Materials and Methods
Whole blood was collected from one healthy human male donor by venipuncture, irradiated ex vivo at radiation doses 0, 1, 2, and 3 Gy in 15-mL conical tubes (1.5-3 mL; n = 20), and cultured at 37[degrees]C for 24- and 48-h intervals (20). The total RNA of peripheral blood samples was extracted with the QIAamp RNA Blood Mini Kit (Qiagen), and 1 [micro]g of the extracted RNA was reverse-transcribed into cDNA with random hexamer primers (20). Samples of cDNA were stored at -20[degrees]C until tested.
PROBES, PRIMERS, AND PCR CONSUMABLES
Gene sequences were obtained from GenBank[R]. Primers and probes were chosen using Primer Express (Applied Biosystems Inc.). Basic Local Alignment Search Tool (BLAST[R]) searches were conducted to confirm gene specificity of the primers and probes and the absence of genomic DNA amplification. Oligo 6 (Molecular Biology Insights, Inc.) was used to calculate the secondary structure and possible cross-reactivity of oligonucleotides based on the nearest-neighbor thermodynamic values.
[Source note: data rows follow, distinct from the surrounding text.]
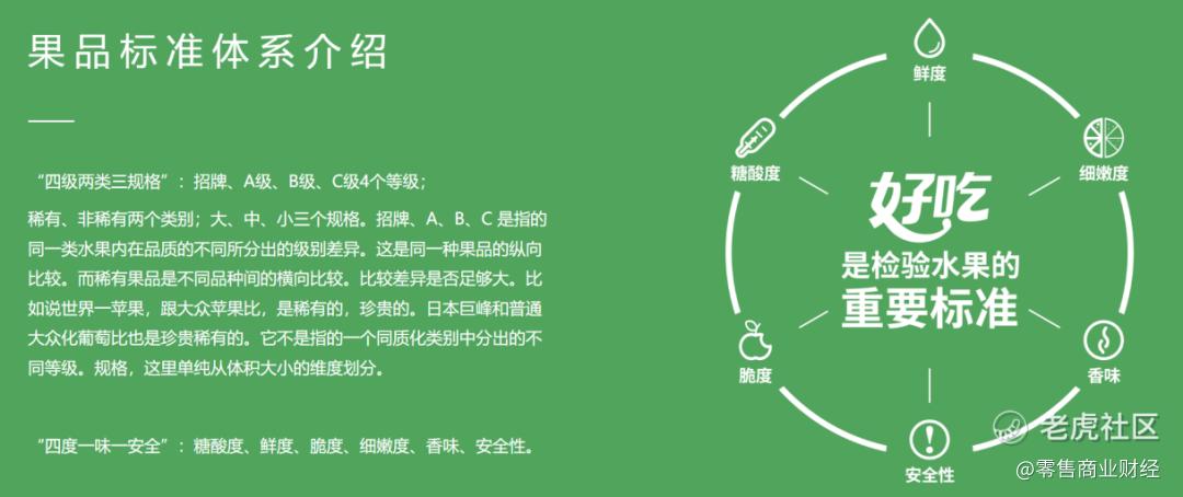 公司建立了“四度一味一安全”的果品分级标准,推出“不好吃三无退货”的终端服务政策,通过标准化的品质与服务承诺,建立起消费者的品牌信任,也获得了超出行业平均水平的品牌溢价,该体系也是吸引加盟商加入品牌体系的核心因素。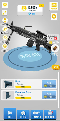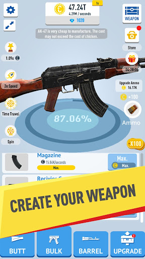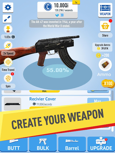 You can build such iconic submachine guns as AK-47, M-134, M-249, RPG-7.This clicker also allows you to get involved into the building process of the coolest and incredibly futuristic weapons that actually exist and have been recently used by the most powerful militaries in the world. When you build your gun, you can try it in the shooting range!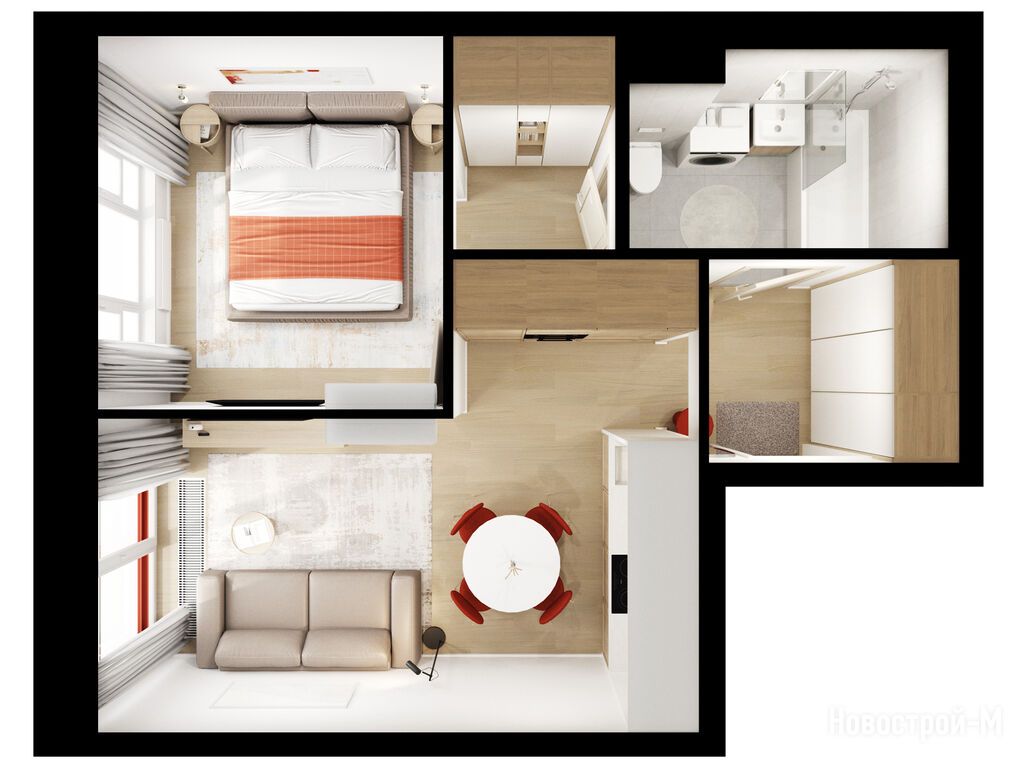 Взяли двушку. Прикольно, что уже на 59 квадратов идут 2 с/у. Сначала смутило, что без балкона, но вообще вместо них кладовые делают. Реально удобно, не надо квартиру хламом нагружать. Поэтому в планах еще кладовку покупать.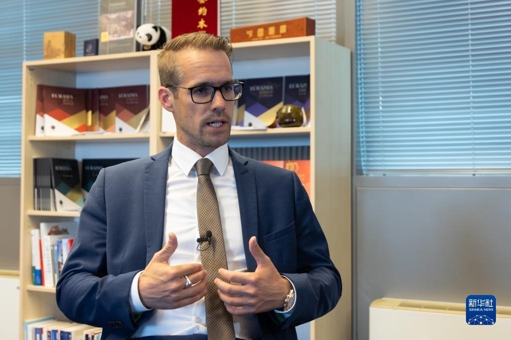 ?10月13日,匈牙利約翰·馮·諾伊曼大學(xué)歐亞中心主任霍爾瓦特·列文特在匈牙利布達(dá)佩斯接受新華社記者專訪。新華社發(fā)(弗爾季·奧蒂洛攝)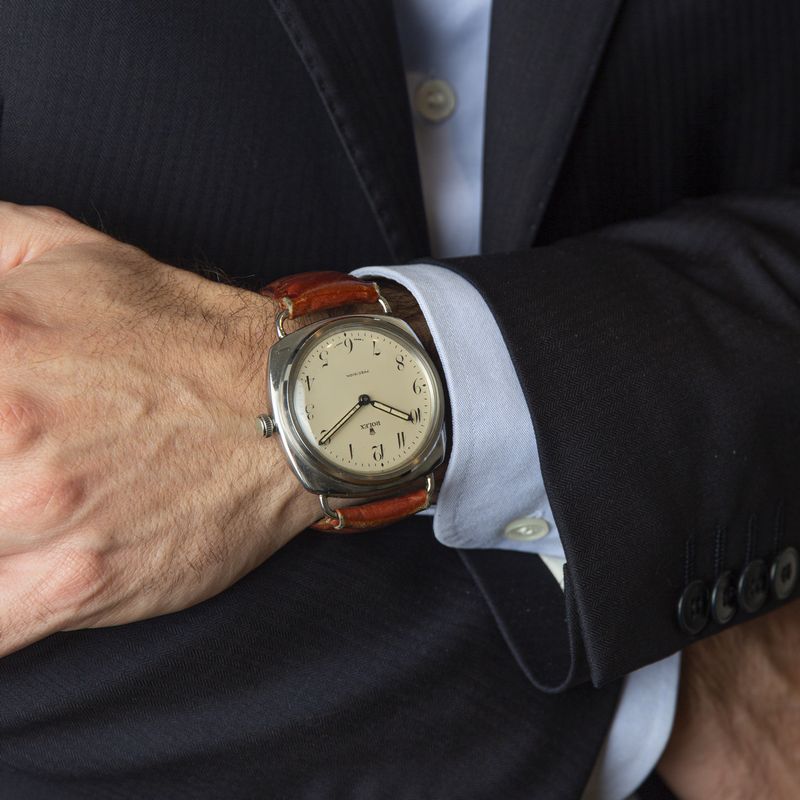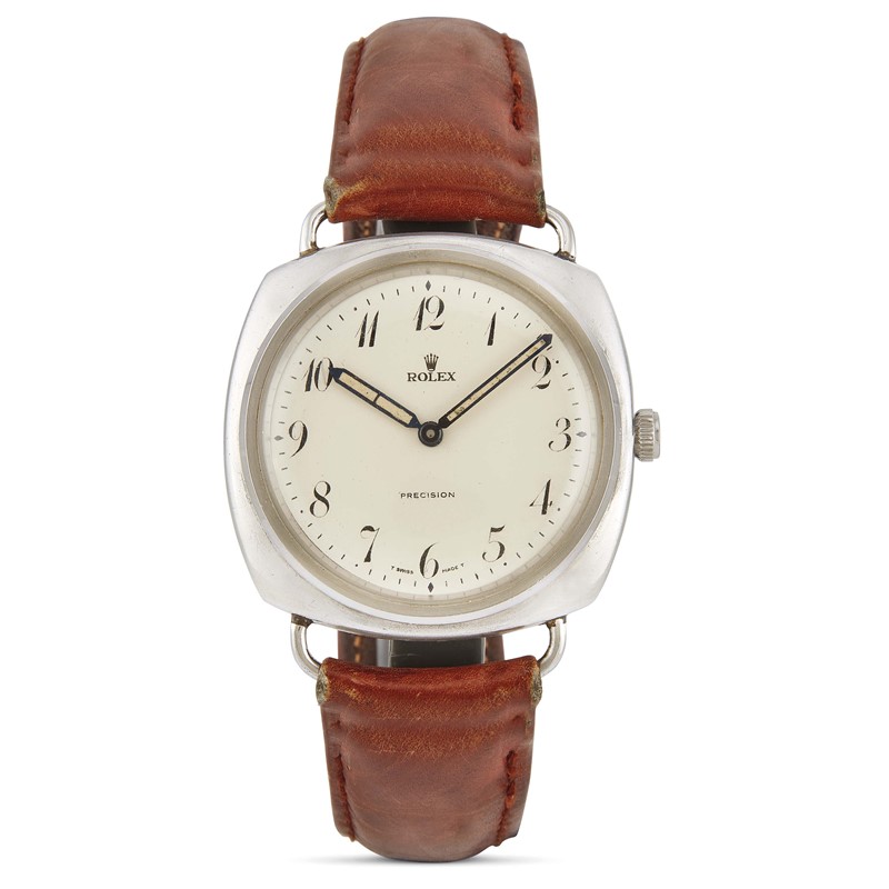 ROLEX REF. 3646 N. 10099XX cassa di forma in acciaio, fondello serrato a vite recante incisione Oyster Watch Co, lunetta a scalino, quadrante bianco ristampato, numeri arabi stampati, movimento a carica manuale, cinturino in pelle marrone, fibbia in metallo, vetro plastica. Dim. mm 45x45

Fluorochrome choices for the hydrolysis probes and their corresponding dark quencher (Black Quencher[TM]; Biosource International Laboratories Inc.) for use on the iCycler iQ (Bio-Rad Inc.) were based on relative brightness and a range of fluorochrome excitations and emissions. Fluorochrome reporters used were 6-carboxyfluorescein (FAM; excitation, 488 nm; emission, 518 nm), hexachloro-6-carboxyfluorescein (HEX; excitation, 488 nm; emission, 556 nm), Texas Red (excitation, 595 nm; emission, 615 nm), and Cy 5 (excitation, 649 nm; emission, 670 nm).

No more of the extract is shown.